Even what's hurting you now? She rolled out of his grasp, pushed up on her elbow. He was crying silently, and she wondered if she hadn't done it right.
He traced an ideogram on the palm of her hand. Fixed event. She shivered, and closed her fingers around his pointer. "A spoiler?"
Yes.
"Doctor, the reason I came here today... I think I saw something I wasn't meant to see. Yet."
"What?" He wiped his eyes with his sleeve.
"I lied, before. I came from the bazaar on Barcelona. There was this little girl--"
"River," he said with realisation.
"--this little blonde girl--"
"Oh, my River Song."
"--and she ran up to me and she..." She stopped.
The Doctor looked her very square in the eye. His vowels were syrupy, the way they were when his emotions got the better of him. "I know. I remember, I was there. Darling, how far along are you?"

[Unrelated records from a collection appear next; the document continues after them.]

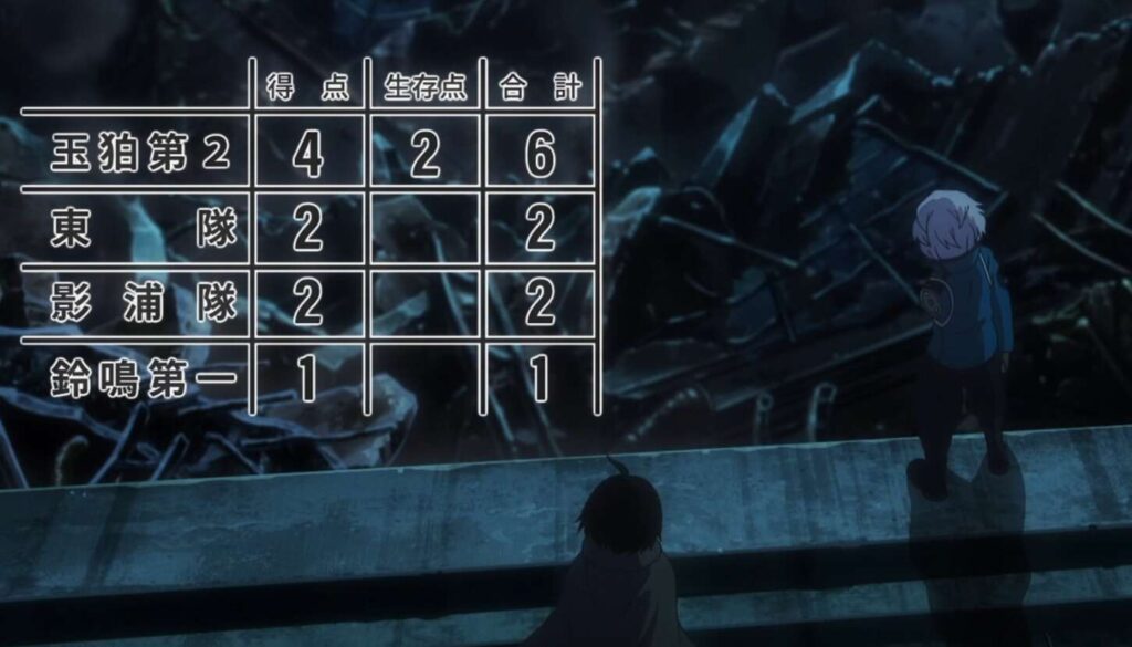 これでROUND7は試合終了となり、玉狛第2の勝利となります。最終スコアは玉狛第2が生存点を含めて6点を獲得します。
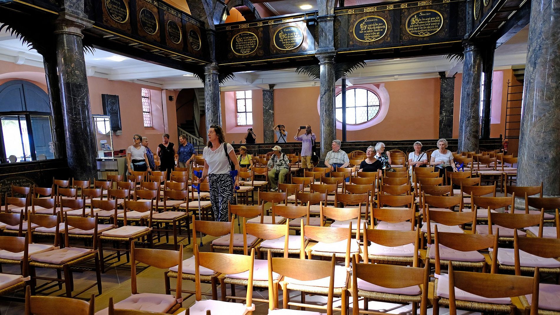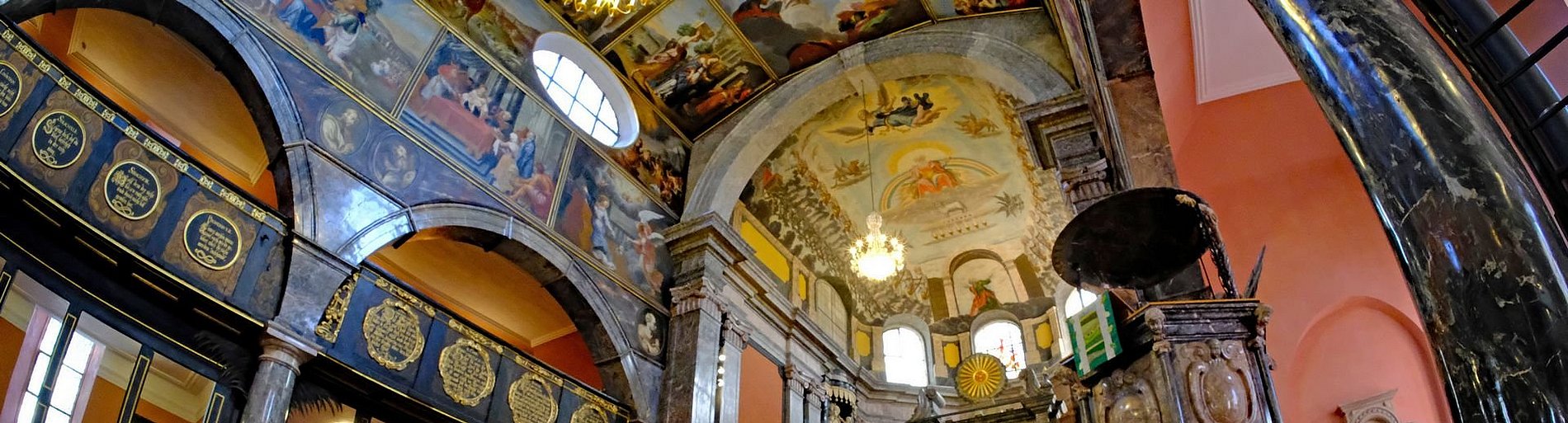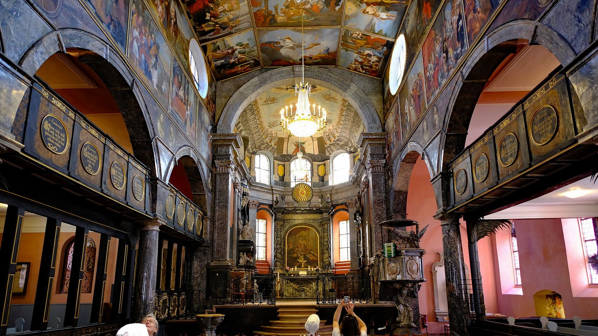 Eine wahre Bilderflut strömte auf die Eintretenden ein. Die Bilder an der Decke und den Wänden zeigen biblische Szenen. Diese Unzahl von Bildern ist für eine protestantische Kirche äußerst ungewöhnlich. Doch Graf Johann von Nassau-Idstein wollte es damals so. Bemerkenswert ist, dass die Deckengemälde aus der Schule von Peter Paul Rubens stammen. So verging die Kirchenführung wie im Fluge und die Augen konnten sich kaum von dieser Kunst trennen. Eine unerwartete Dreingabe war ein Orgelspiel auf der Walckerorgel. Eine gelungene Abrundung.
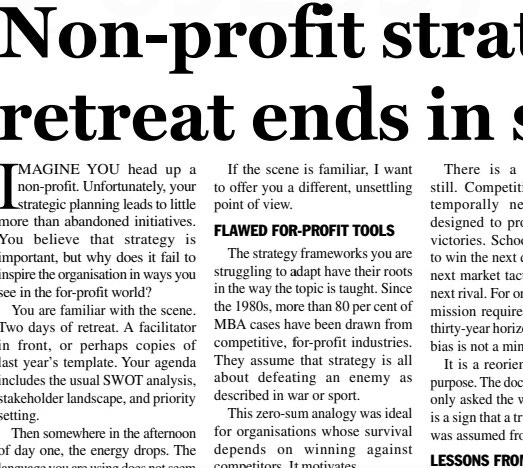 When the next retreat in your non-profit ends with a document that finally stays off the shelf, it will be because the planning process started from the right place: not how do we win, but how do we endure, and why does it matter that we do.
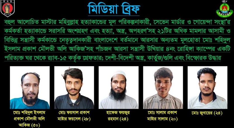 গ্রেপ্তাররা হলেন: উখিয়া উপজেলার ৫ নম্বর ক্যাম্পের মৃত আবুল বাশারের ছেলে মো. শহিদুল ইসলাম ওরফে মৌলভী অলি আকিজ (৫০), ৬ নম্বর ক্যাম্পের মৌলভী আনোয়ারের ছেলে মো. ফয়সাল ওরফে মাস্টার ফয়সেল (২৮), ২০ নম্বর ক্যাম্পের মৃত মৌলভী রহমত উল্লাহর ছেলে হাফেজ ফয়জুর রহমান (২৪), ৮ নম্বর ক্যাম্পের মৃত করিম উল্লাহর ছেলে মো. সালাম ওরফে মাস্টার সালাম (২০), ২২ নম্বর ক্যাম্পের আনু মিয়ার ছেলে মো. জুবায়ের (২৪)।
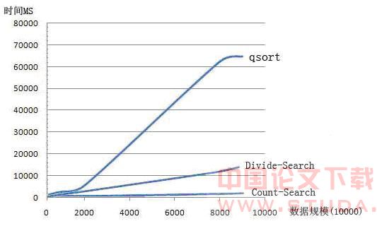 观察分析以上实验结果,可以看出:基于快速排序的查找算法和其他算法相比较具有较差的效率;而采用了分治策略的Divide- Select查找算法的效率可以是基于快速排序的查找算法的几十倍,其时间复杂度在图中也反映为线性。而基于计数排序的查找算法(Count- Search)的时间复杂度同样达到了线性,但是效率却比Divide-Select更高,通过上述实验可以得知:在进行无符号整数查找时,基于计数排序的查找算法(Count-Search)在时间上是最优的。

"Fifteen weeks, I think. It's been hard to keep track, I've been mostly running and vomiting. From the moment I guessed... I'm not showing very much."
"You will. Like you swallowed a planet, or a starwhale."
"Ah!" she cuffed his shoulder. "I will not."
"Will so. You're telling the wrong me, though. You have to tell him. He'll keep you safe; I've already lived it."
"I will, as soon as I find him. You're never a hard man to find, until I need to get your attention."
"Have you considered flagrant acts of vandalism?"
She hit him again, and then he embraced her, dragging her deep into the pillows. "I tried to find him, ended up crossing my own timeline. So I purposefully overshot. I needed you, proper you. One I didn't need to spoiler-proof myself against."
"I understand that feeling. But you know I've loved you even before I knew you."
"You lied to me."
She could hear his teeth click together in his jaw. "When?"
"Hybrids are sterile. Timelords are under Pythia's curse. We don't need protection, River."
"Ah." His face turned warm under her touch. "That was a good night."
"A very good night. The zig zag plotter jabbed me right in the spine."
"Forgive me?"
She nodded, doodled the symbol for daughter on the tip of his nose. "Sweetie, where is she now?" The Doctor hesitated. "Doctor?"
"She's safe. Alive. Takes after us in infuriating ways. Really angry with me right now."
"What did you do?"
"Spoilers." The word whistled between his teeth, and his shoulders shook.
They held each other in the dark until one, or the both of them, fell asleep.